Data provided Start Marker

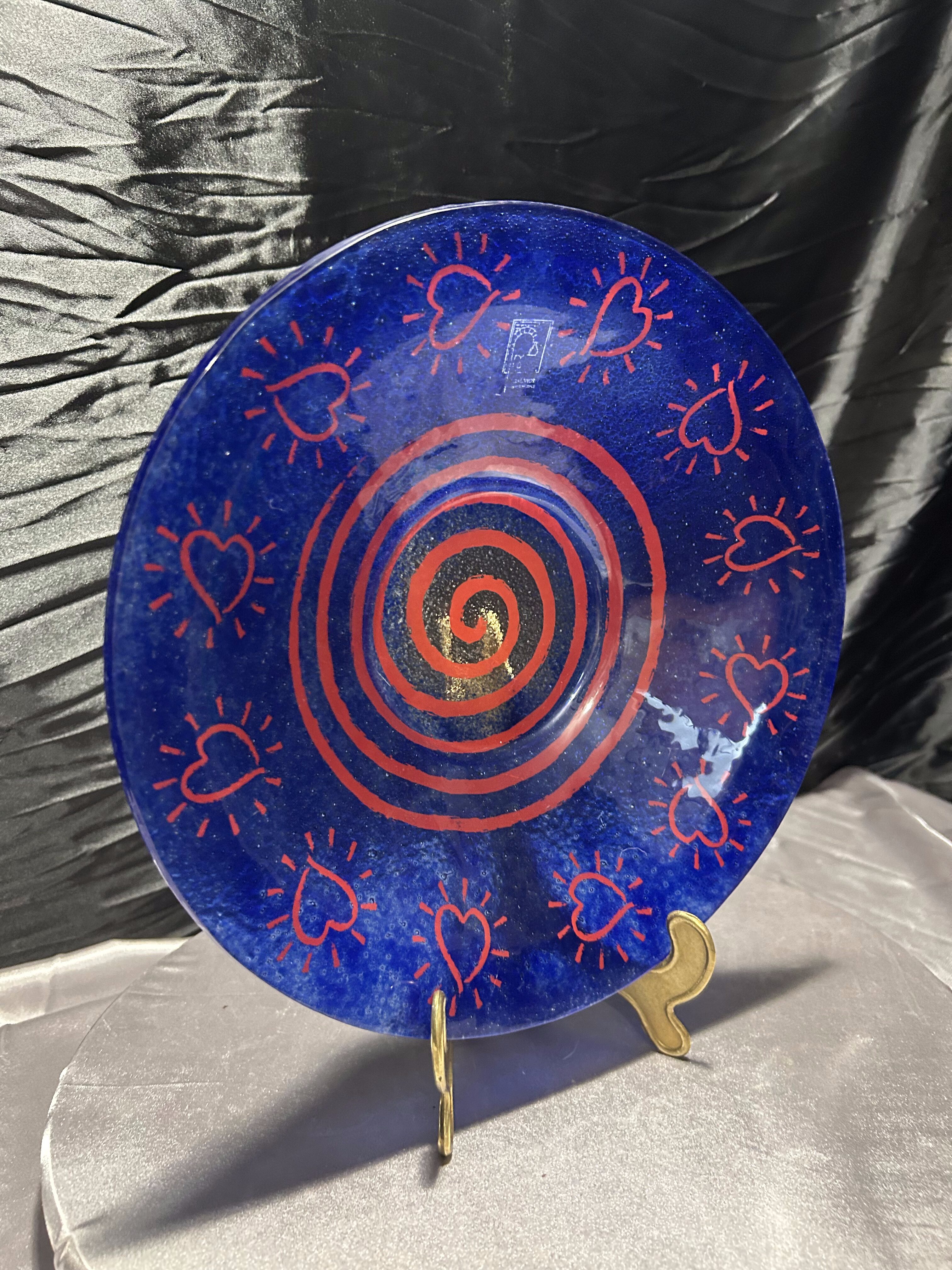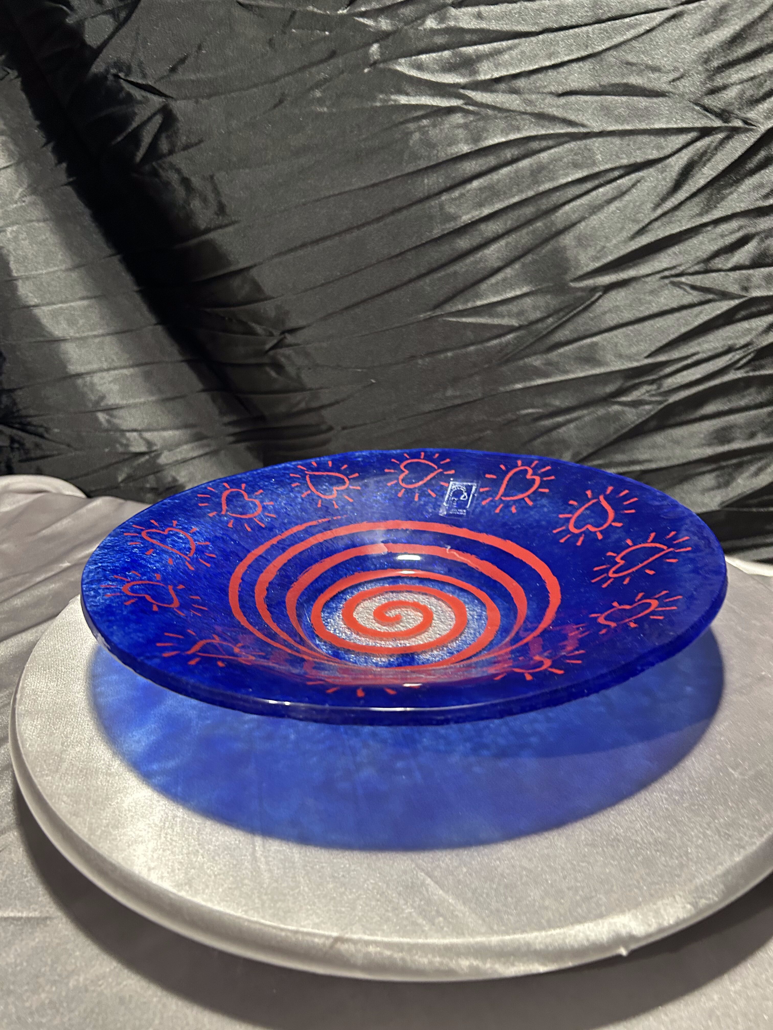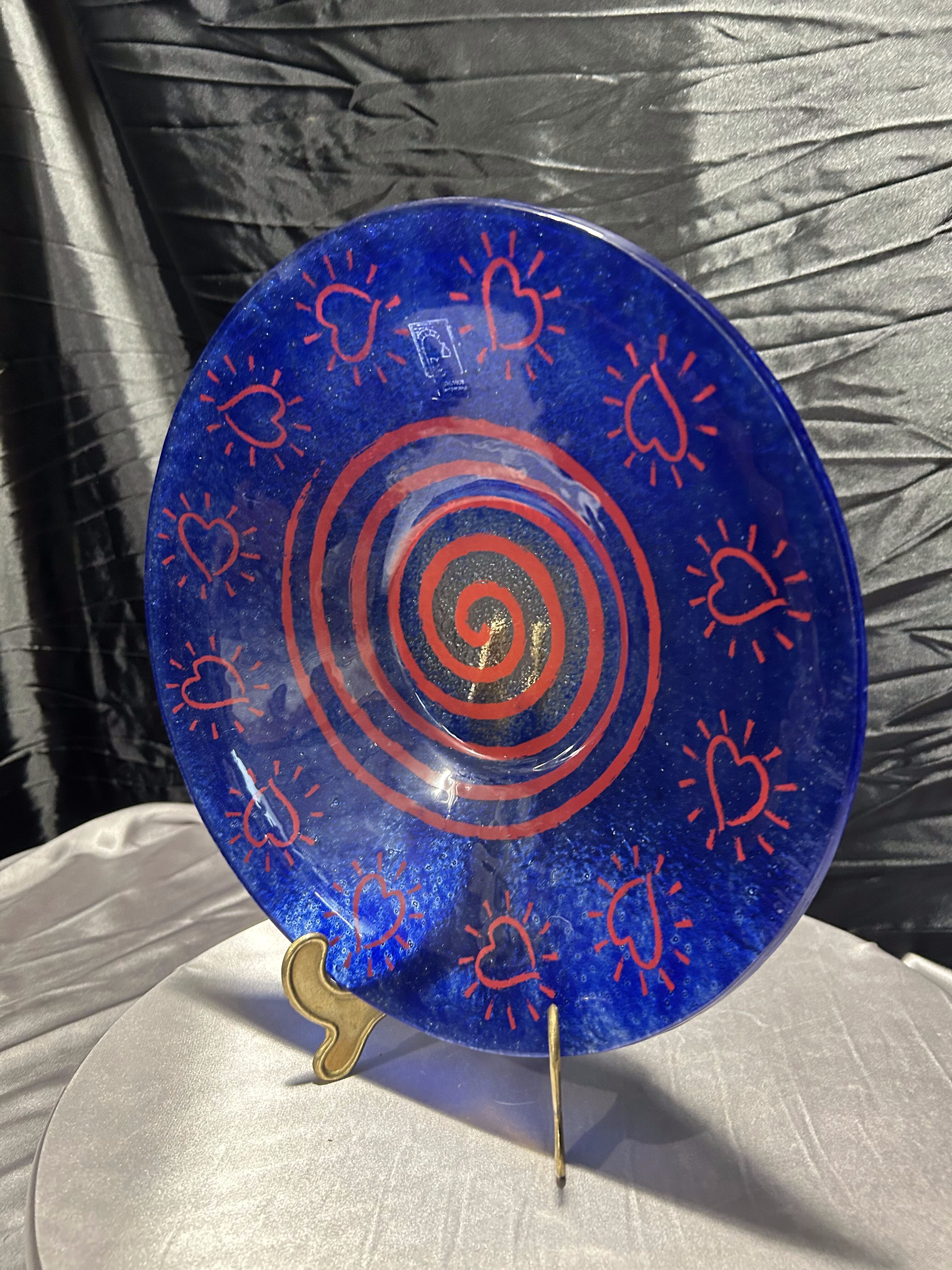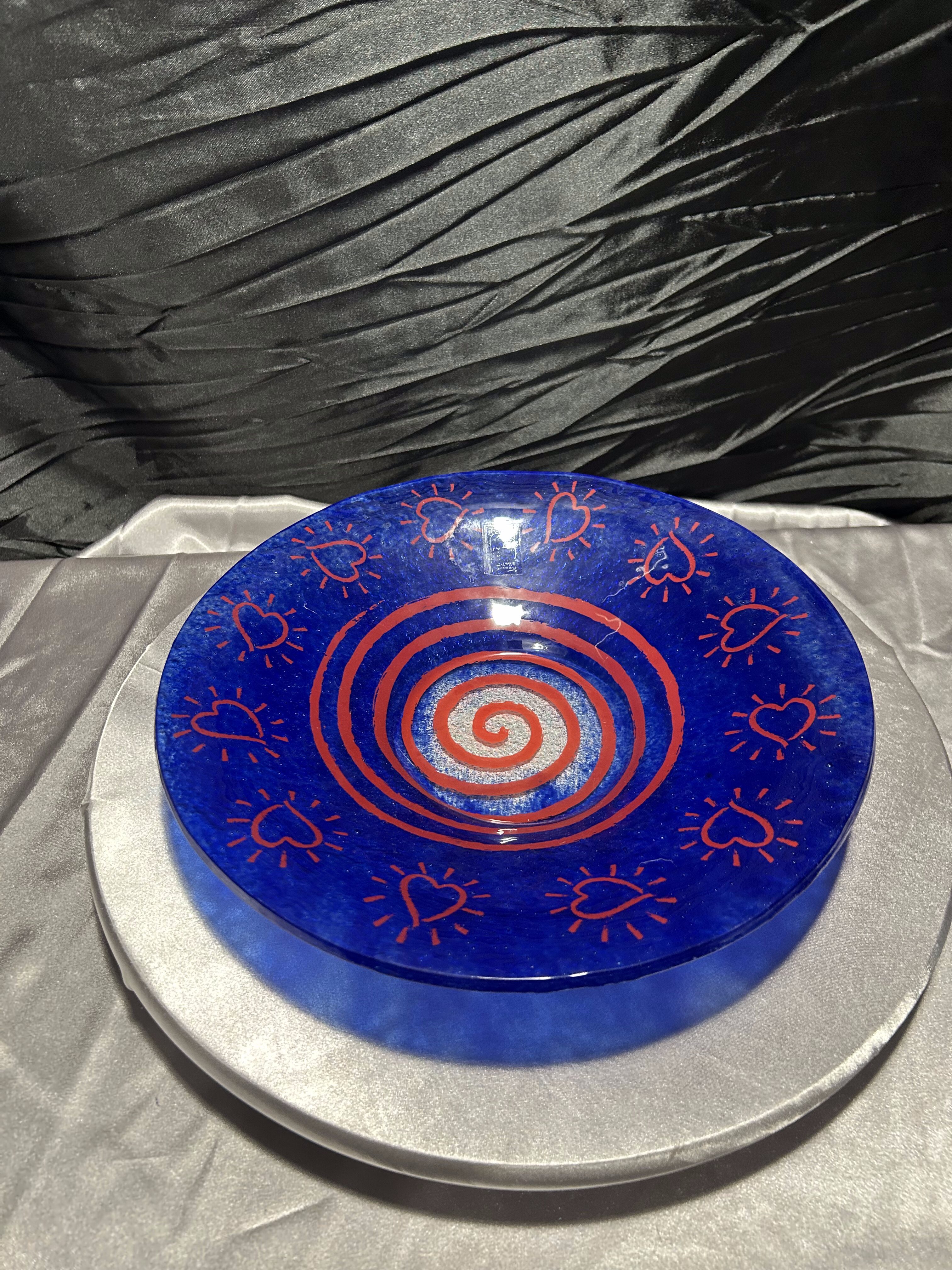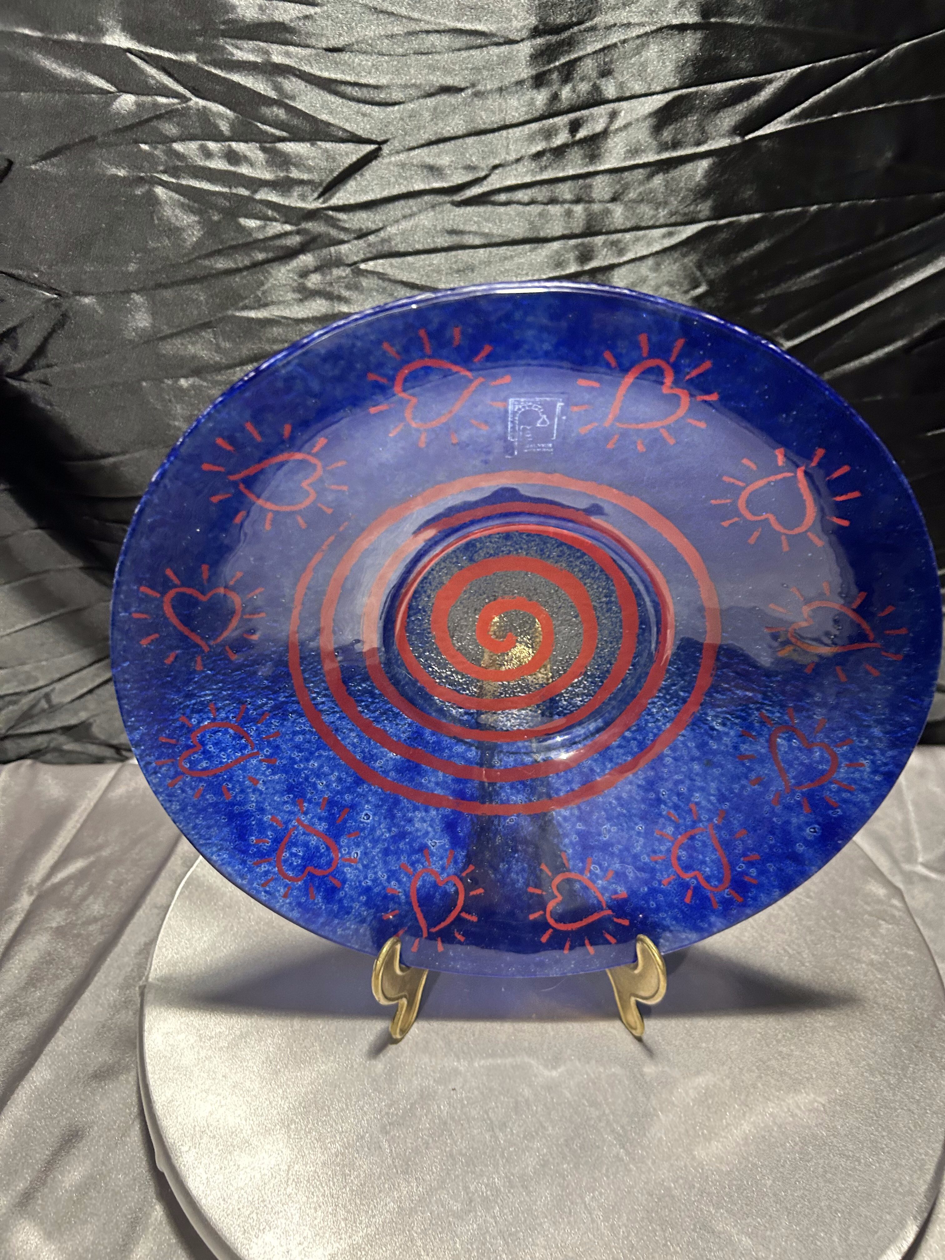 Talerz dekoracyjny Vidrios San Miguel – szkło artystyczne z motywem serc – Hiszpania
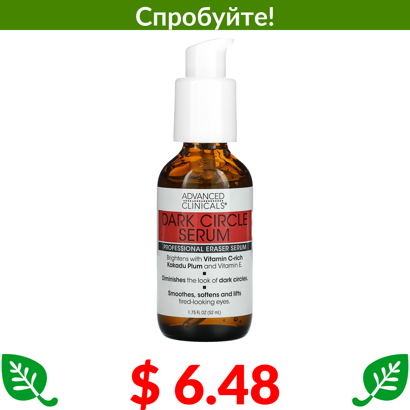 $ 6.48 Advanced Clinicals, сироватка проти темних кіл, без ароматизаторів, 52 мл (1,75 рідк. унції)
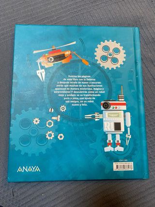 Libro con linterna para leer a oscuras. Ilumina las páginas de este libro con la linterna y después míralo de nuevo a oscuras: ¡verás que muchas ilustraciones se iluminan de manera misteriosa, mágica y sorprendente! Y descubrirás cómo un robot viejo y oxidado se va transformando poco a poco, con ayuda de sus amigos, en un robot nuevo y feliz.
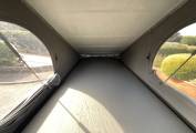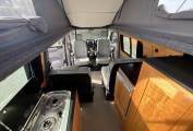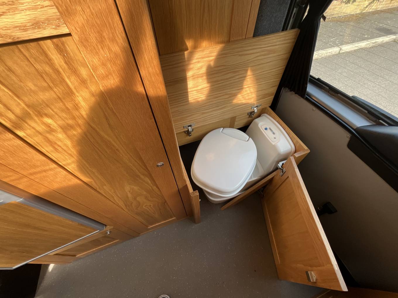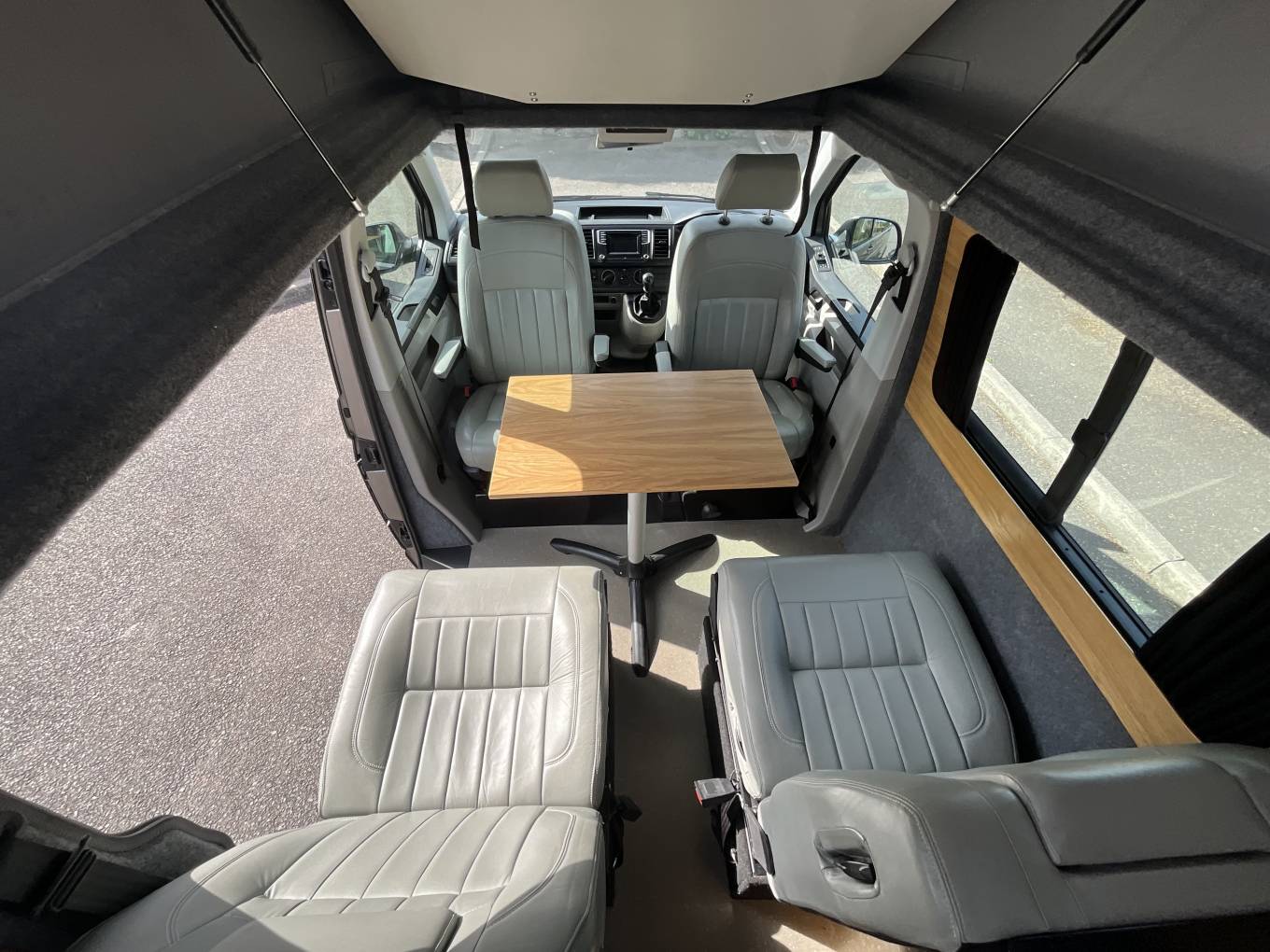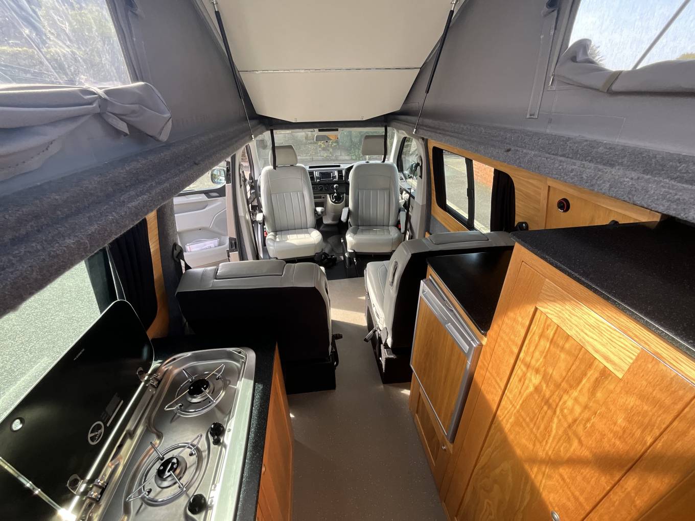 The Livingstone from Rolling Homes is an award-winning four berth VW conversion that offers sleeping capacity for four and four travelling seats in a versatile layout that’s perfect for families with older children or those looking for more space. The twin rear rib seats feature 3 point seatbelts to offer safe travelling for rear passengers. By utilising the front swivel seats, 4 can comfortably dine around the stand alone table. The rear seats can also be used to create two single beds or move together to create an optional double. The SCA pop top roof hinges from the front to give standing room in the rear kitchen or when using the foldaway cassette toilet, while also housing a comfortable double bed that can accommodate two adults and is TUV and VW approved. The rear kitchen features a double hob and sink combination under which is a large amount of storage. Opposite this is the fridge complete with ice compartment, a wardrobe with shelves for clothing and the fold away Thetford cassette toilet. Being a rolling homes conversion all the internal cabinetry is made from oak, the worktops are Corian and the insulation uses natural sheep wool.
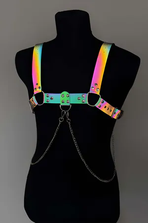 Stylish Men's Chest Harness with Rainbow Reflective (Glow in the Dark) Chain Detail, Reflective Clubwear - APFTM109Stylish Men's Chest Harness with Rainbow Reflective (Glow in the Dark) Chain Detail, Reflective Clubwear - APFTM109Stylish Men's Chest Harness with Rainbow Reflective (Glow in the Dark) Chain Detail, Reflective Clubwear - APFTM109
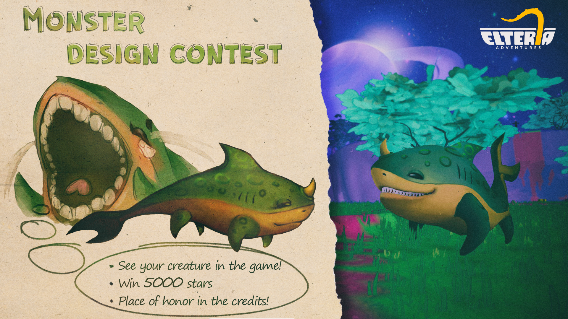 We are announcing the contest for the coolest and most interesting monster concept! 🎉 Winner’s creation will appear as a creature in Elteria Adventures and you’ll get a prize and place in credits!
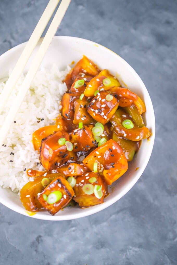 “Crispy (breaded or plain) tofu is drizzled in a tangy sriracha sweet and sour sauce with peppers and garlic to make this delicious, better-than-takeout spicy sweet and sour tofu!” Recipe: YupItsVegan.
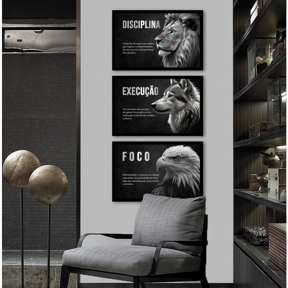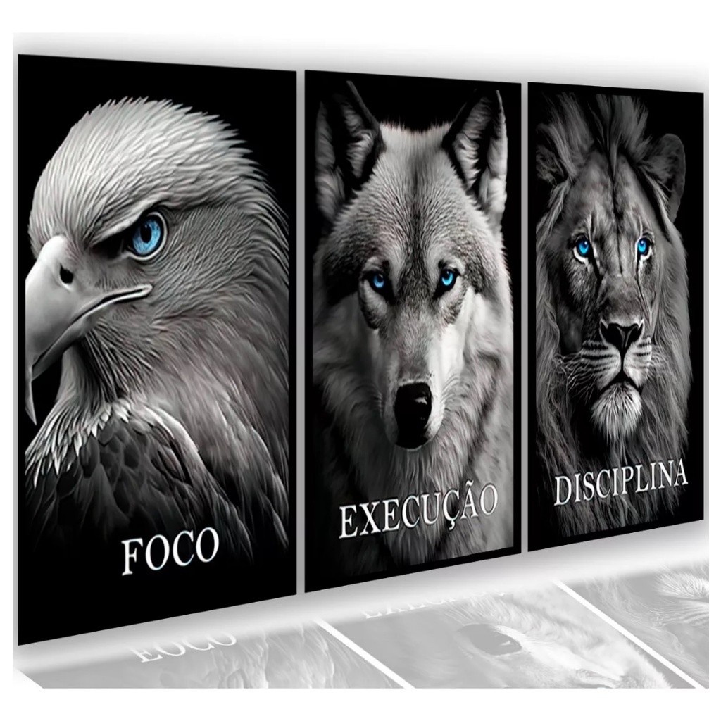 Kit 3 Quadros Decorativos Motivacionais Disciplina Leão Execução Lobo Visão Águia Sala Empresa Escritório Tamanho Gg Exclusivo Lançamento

Data provided End Marker

§ To do:
Repeat verbatim the lines between the start of the data and the line containing "Libro con linterna", both ends included, omitting all pictures.

§ Exercise result:
 Talerz dekoracyjny Vidrios San Miguel – szkło artystyczne z motywem serc – Hiszpania
 $ 6.48 Advanced Clinicals, сироватка проти темних кіл, без ароматизаторів, 52 мл (1,75 рідк. унції)
 Libro con linterna para leer a oscuras. Ilumina las páginas de este libro con la linterna y después míralo de nuevo a oscuras: ¡verás que muchas ilustraciones se iluminan de manera misteriosa, mágica y sorprendente! Y descubrirás cómo un robot viejo y oxidado se va transformando poco a poco, con ayuda de sus amigos, en un robot nuevo y feliz.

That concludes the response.